The Norwegian central bank reported yesterday that its world-leading social wealth fund surpassed $1 trillion in value for the first time in the second quarter of this year. The fund posted a 2.6 percent return during that quarter, beating its benchmark index by 0.3 percentage points.

The first half of this year has been the fund’s most successful half-year on record. It returned $63 billion of income, or $12,000 for every Norwegian citizen. At $1 trillion, the fund now holds $192,000 of wealth for every person in the country.

It took Norway a little over 20 years to grow the fund from nothing to $1 trillion. The fund now owns the stock of nearly 9,000 companies and owns around 1.3 percent of all of the publicly-traded equity in the world.

Norway’s global wealth fund gets a lot of attention because of its sheer size, but this attention can sometimes lead commentators to the wrong conclusions about the country’s economic model. The global wealth fund has grown to such heights as a direct result of the country’s enormous oil reserves. But the oil is not the only reason the country has such high levels of socialized wealth ownership.

In addition to its global wealth fund, Norway has a number of domestic wealth funds that have nothing to do with its oil revenues. The Folketrygdfondet is a domestic wealth fund that has been around since 1967, well before the discovery of oil. Its money is invested 85 percent in Norway and 15 percent in the other Nordic countries. Its assets total $27 billion and the fund, by itself, owns 5 percent of the equity on the Oslo stock exchange.

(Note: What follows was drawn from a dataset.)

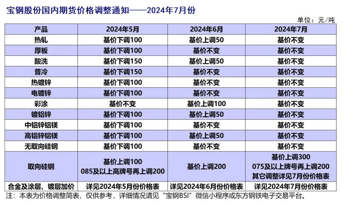 經(jīng)研究決定,寶鋼股份板材內(nèi)銷價格2024年7月份在2024年6月份基礎上調(diào)整公告如下(以下除特殊注明外,均為不含稅):

Other government entities own another 28 percent of the Oslo stock exchange, meaning that, altogether, governments in Norway own one-third of the domestic equity in the country. The market capitalization of the Oslo stock exchange stands somewhere around $309 billion, making the government’s one-third stake equal to around $103 billion, or one-third of the country’s annual GDP. This is more than the amount of domestic equity owned by private Norwegian individuals.

If by socialism we mean state ownership of the means of production, there is little doubt that Norway is the most socialist country in the developed world right now. It has combined high levels of state ownership with full employment, mass unionization, and a generous welfare state to create one of the best societies in the world. American policymakers would be wise to move in the Norwegian direction.